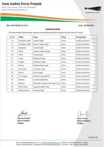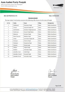 ਦਾ ਐਡੀਟਰ ਨਿਊਜ਼, ਚੰਡੀਗੜ੍ਹ —– ਪੰਜਾਬ ਵਿੱਚ ਹੜ੍ਹਾਂ ਦੀ ਸਥਿਤੀ ਦੇ ਵਿਚਕਾਰ, ਆਮ ਆਦਮੀ ਪਾਰਟੀ ਨੇ ਕਿਸਾਨ ਹਲਕਾ ਕੋਆਰਡੀਨੇਟਰ ਨਿਯੁਕਤ ਕੀਤੇ ਹਨ। 23 ਜ਼ਿਲ੍ਹਿਆਂ ਵਿੱਚ 110 ਲੋਕਾਂ ਨੂੰ ਇਹ ਜ਼ਿੰਮੇਵਾਰੀ ਸੌਂਪੀ ਗਈ ਹੈ। ਇਸਦਾ ਉਦੇਸ਼ ਇੱਕ ਪਾਸੇ ਸੰਗਠਨ ਦਾ ਵਿਸਥਾਰ ਕਰਨਾ ਹੈ, ਅਤੇ ਦੂਜੇ ਪਾਸੇ ਇਸ ਮੁਸ਼ਕਲ ਸਮੇਂ ਵਿੱਚ ਲੋਕਾਂ ਦੀ ਬਿਹਤਰ ਢੰਗ ਨਾਲ ਸਹਾਇਤਾ ਕਰਨਾ ਹੈ। ਇਸ ਸਮੇਂ ਆਮ ਆਦਮੀ ਪਾਰਟੀ ਦੇ ਸਾਰੇ ਆਗੂ, ਵਿਧਾਇਕ ਅਤੇ ਮੰਤਰੀ ਹੜ੍ਹ ਪ੍ਰਭਾਵਿਤ ਖੇਤਰਾਂ ਵਿੱਚ ਲੱਗੇ ਹੋਏ ਹਨ। ਇਸ ਹੜ੍ਹ ਨੂੰ ਹੁਣ ਤੱਕ ਦਾ ਸਭ ਤੋਂ ਖਤਰਨਾਕ ਹੜ੍ਹ ਦੱਸਿਆ ਜਾ ਰਿਹਾ ਹੈ। ਆਮ ਆਦਮੀ ਪਾਰਟੀ ਹਲਕਾ ਕੋਆਰਡੀਨੇਟਰ ਸੂਚੀ…..
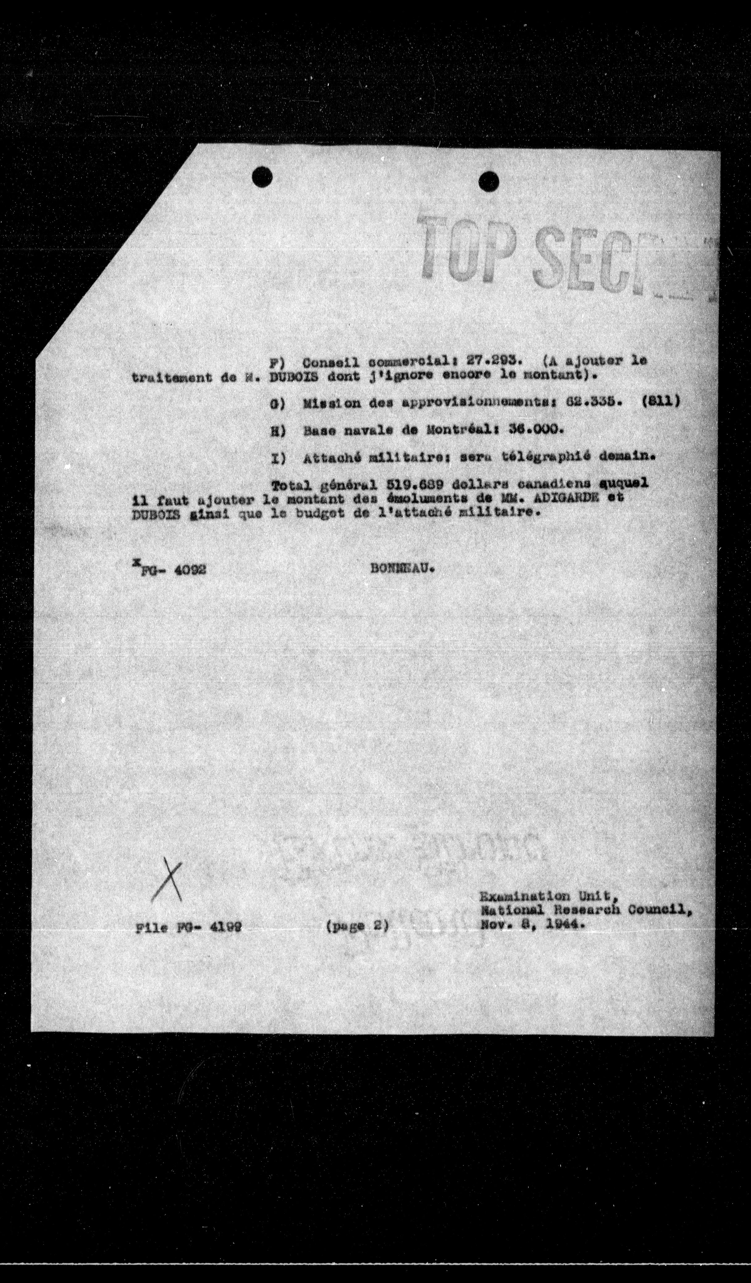 Total général 519.689 dollars canadiens auquel il faut ajouter le montant des émoluments de MM. ADJOURDE et DUBOIS ainsi que le budget de l'attaché militaire.
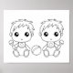 Cute cartoon baby boys in jumpsuits with matching star bibs holding baby rattles. Toy ball is resting between them. Made for easy colouring.
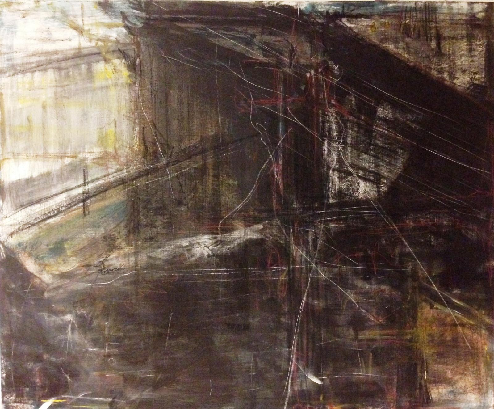 Lise Myhre's arbeider er en blanding av tegning og maling, og har et grafisk uttrykk.
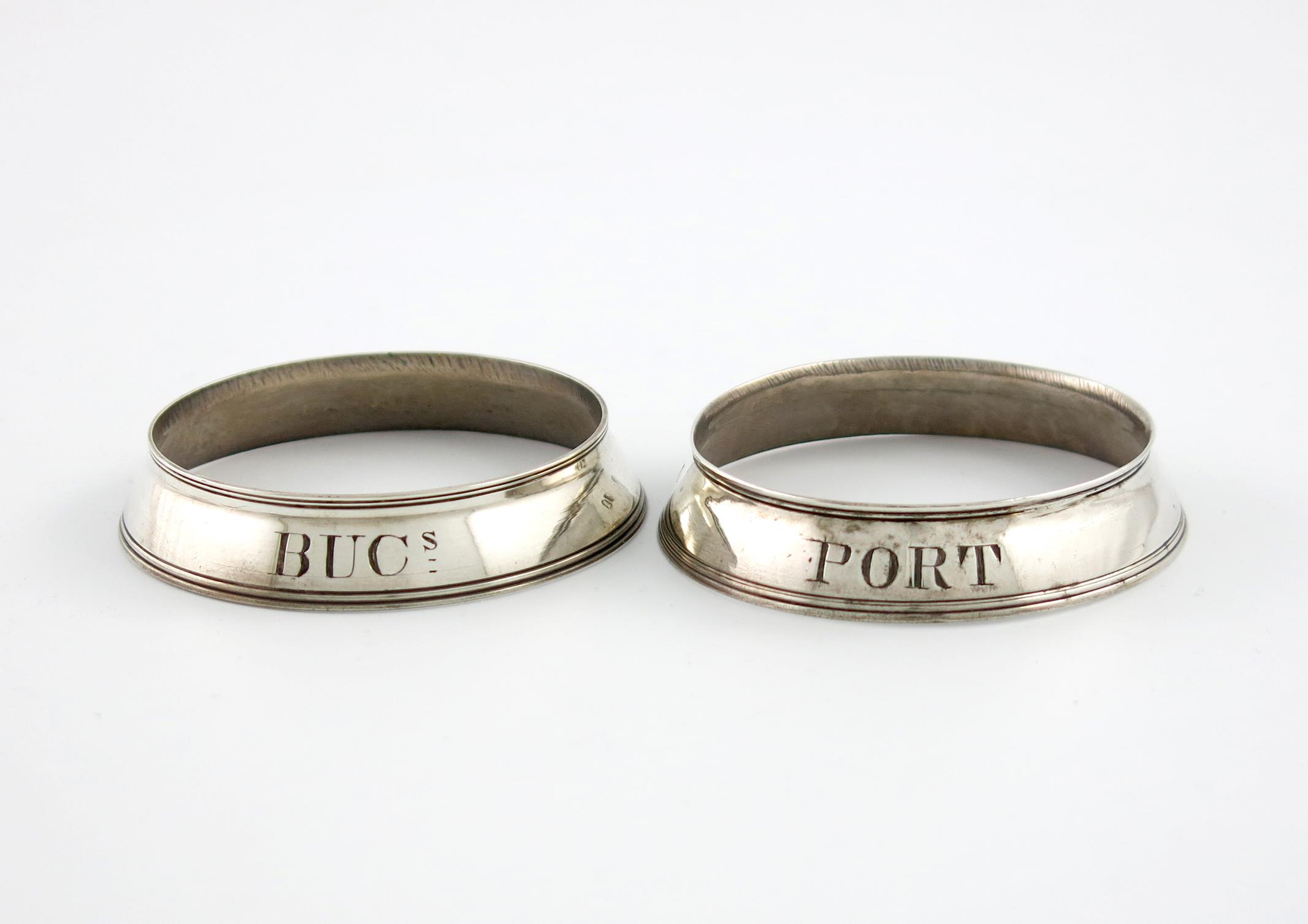 tapering form, incised three times 'BUCS' and 'PORT', approx. weight 1.3oz. (2)
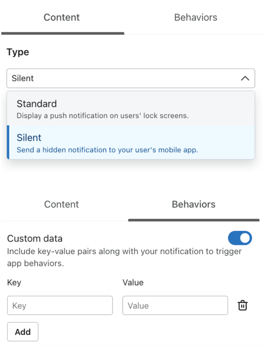 Enviar una notificación push silenciosa implica establecer el tipo de notificación push en Silenciosa y, a continuación, configurar los pares clave-valor (que se encuentran en el ajuste Datos personalizados de la pestaña Comportamientos ).
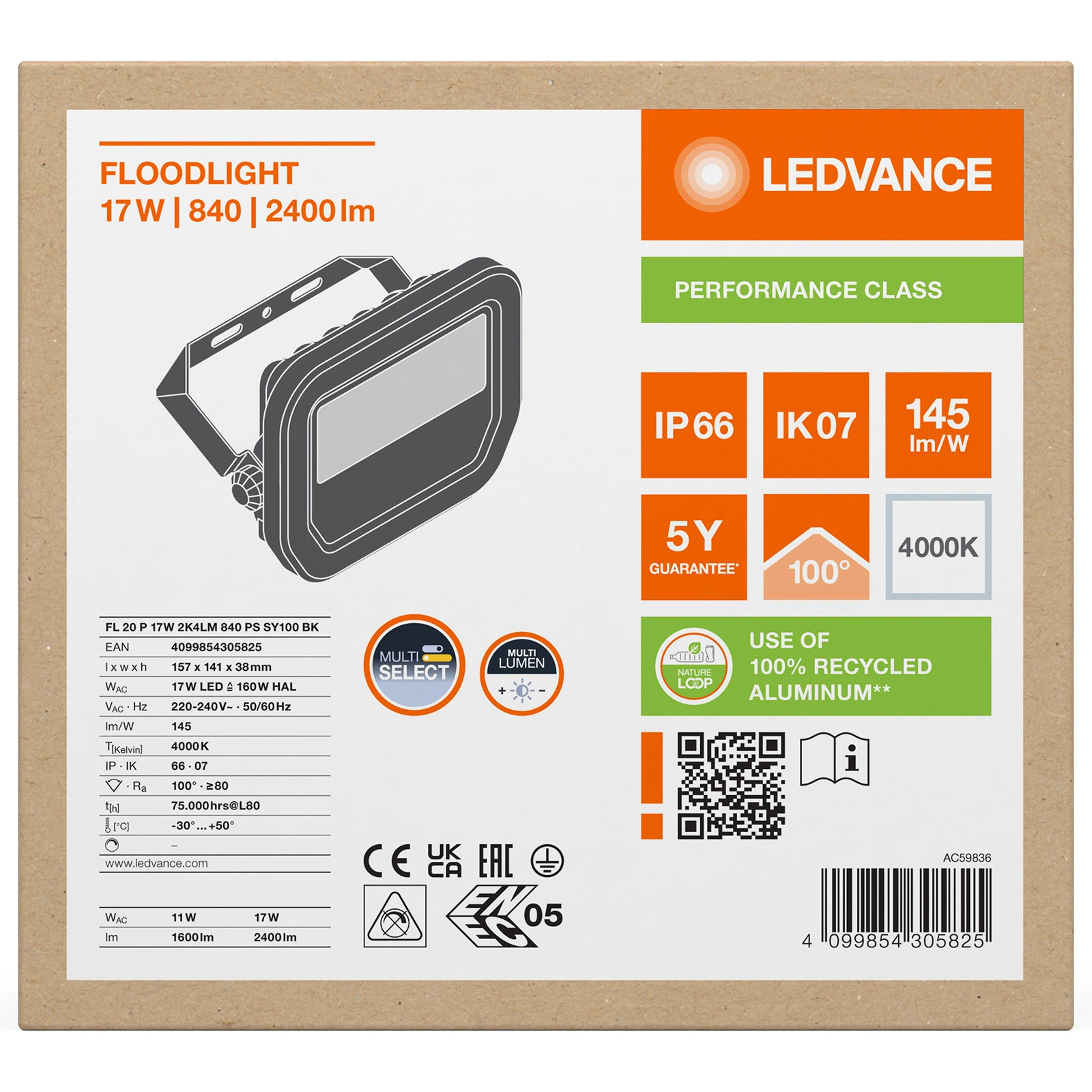 Naświetlacz nie zawiedzie Cię nawet w najtrudniejszych warunkach atmosferycznych, dzięki wysokiej ochronie IP66 i wyjątkowej trwałości do 100000 godzin pracy. Wykonany z solidnego aluminium, odporny na skrajne temperatury od -30°C do +50°C, idealnie sprawdzi się w każdej strefie klimatycznej. Bezpieczeństwo użytkowania zapewnia solidny montaż oraz wysoka klasa ochronności. Postaw na jakość, którą gwarantuje Ledvance, i zainwestuj w niezawodne oświetlenie zewnętrzne na lata!
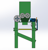 本产品进料口采用垂直方式,油菜利用自身重力进入搅拌轴,在电动机的带动下高速运转,工作齿不断拍打干燥的油菜桔梗使菜籽从桔梗中脱落下来,在工作齿的作用下桔梗也会被敲成零散的枝节。在经过风机充分吹过后,菜籽和较大的秸秆一起进入振动筛,进行第二次分离。振动筛的作用就是将未被吹出的桔梗和菜籽充分分离。总会有一些无法除去的碎末未被除去而随菜籽一起被分离出来,但这些碎末定不会影响菜籽的加工质量。
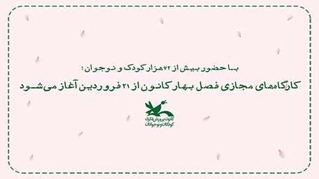 ترم بهار کارگاه‌های مجازی کانون پرورش فکری کودکان و نوجوانان از روز ۲۱ فروردین ۱۴۰۰ با حضور بیش از ۷۲هزار عضو کودک و نوجوان آغاز می‌شود.
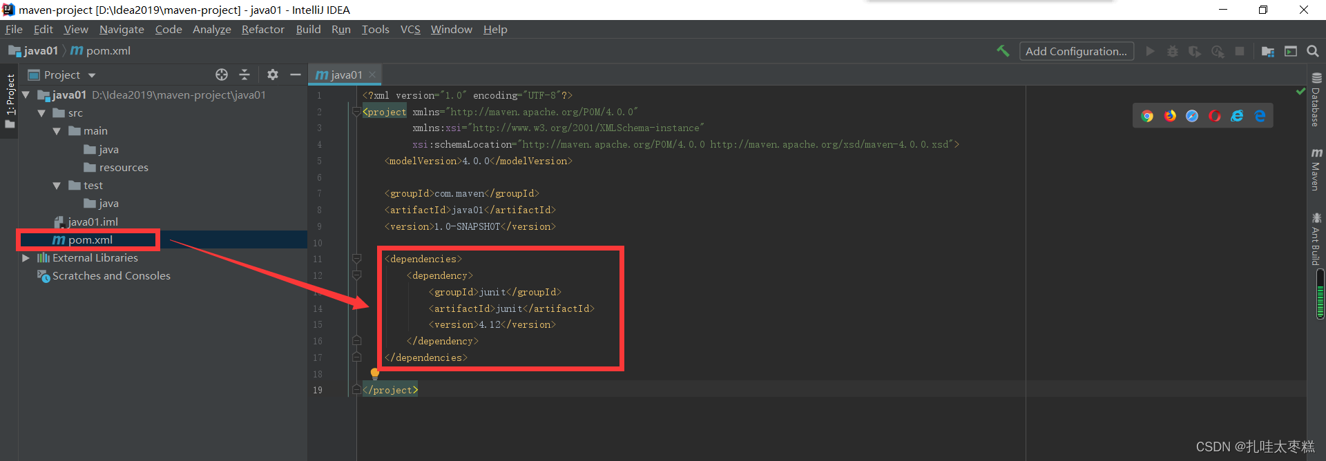 <dependencies><dependency><groupId>junit</groupId><artifactId>junit</artifactId><version>4.12</version></dependency>
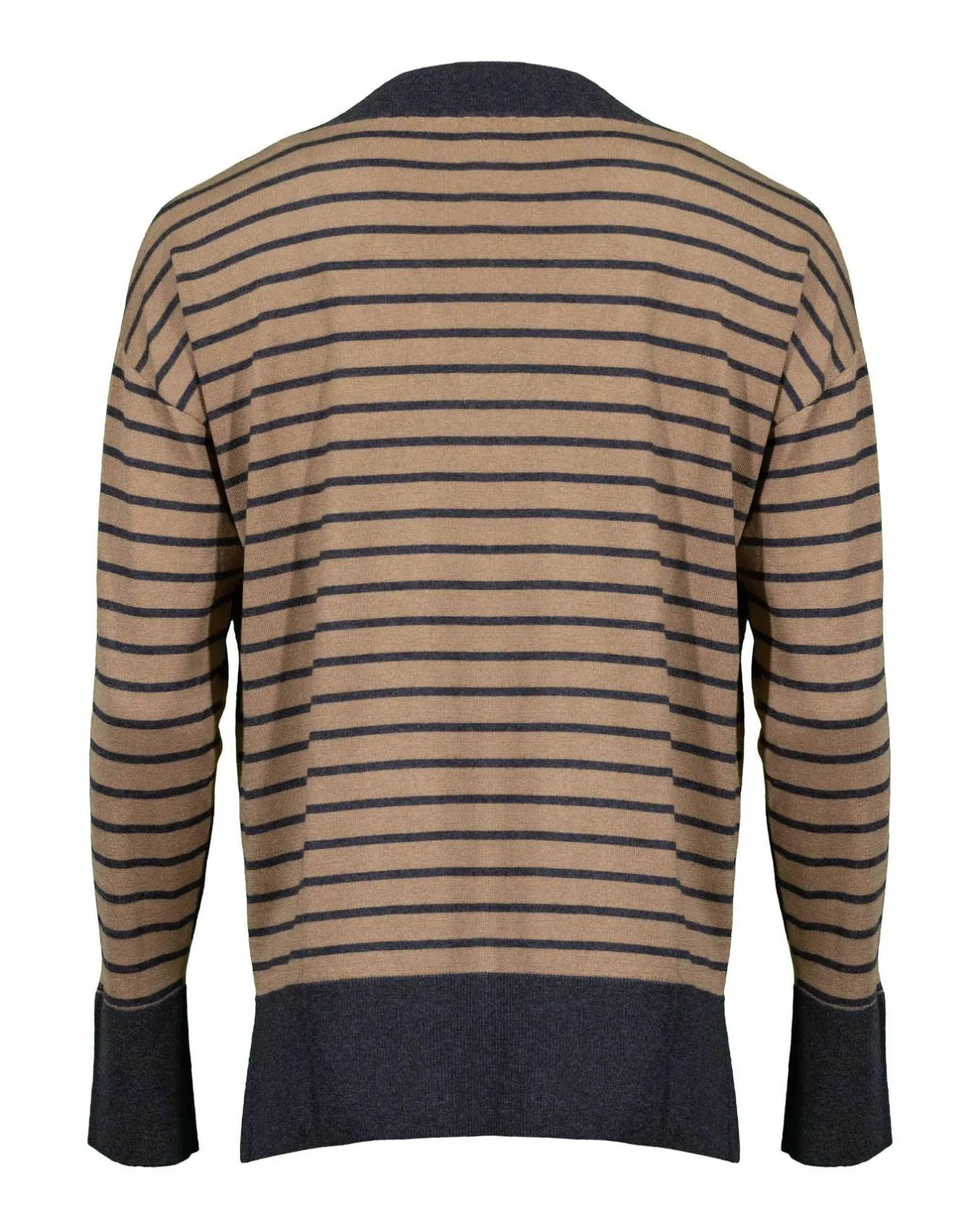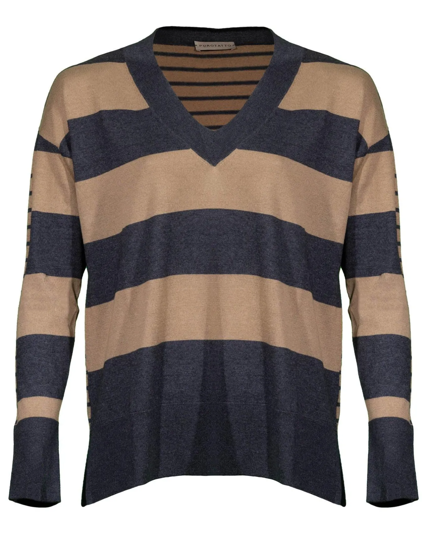 Soft fine knit silk cashmere blend v-neck pullover with contrast wide stripes on front and narrow stripes on back,wide ribbed cuffs and hem with side slits
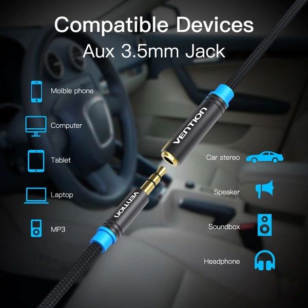 Кабель Vention Audio 3.5 mm M - 3.5 mm F призначений для передачі аналогових стереозвуковых сигналів між аудіо, аудіо-відео і (чи) комп"ютерними пристроями або їх компонентами.
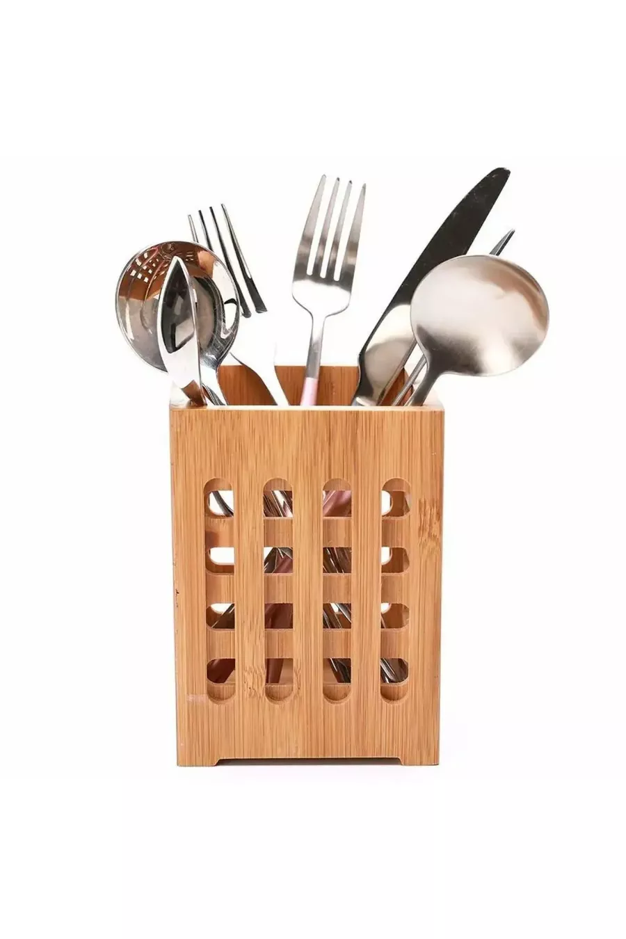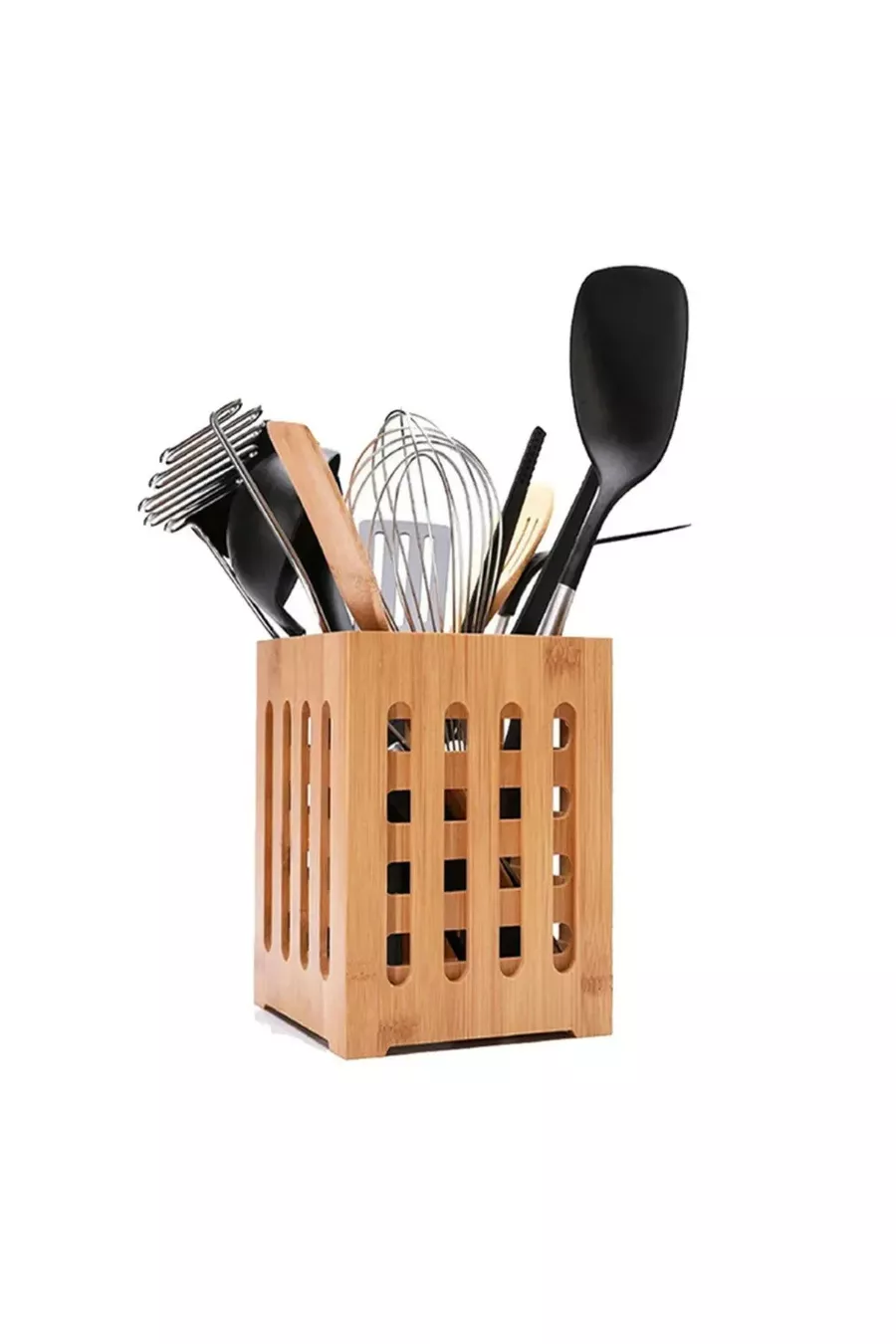 Бамбукова поставка за лъжици, декоративна вертикална поставка за лъжици за плота, бамбуков кухненски организатор
--------------------------------------------------
◆ **BRIEF**
Retype exactly, please, the span from the line holding "Soft fine knit" through the closing line of the data, both ends included, without the pictures.

◆ **RESULT OF THE TASK**
 Soft fine knit silk cashmere blend v-neck pullover with contrast wide stripes on front and narrow stripes on back,wide ribbed cuffs and hem with side slits
 Кабель Vention Audio 3.5 mm M - 3.5 mm F призначений для передачі аналогових стереозвуковых сигналів між аудіо, аудіо-відео і (чи) комп"ютерними пристроями або їх компонентами.
 Бамбукова поставка за лъжици, декоративна вертикална поставка за лъжици за плота, бамбуков кухненски организатор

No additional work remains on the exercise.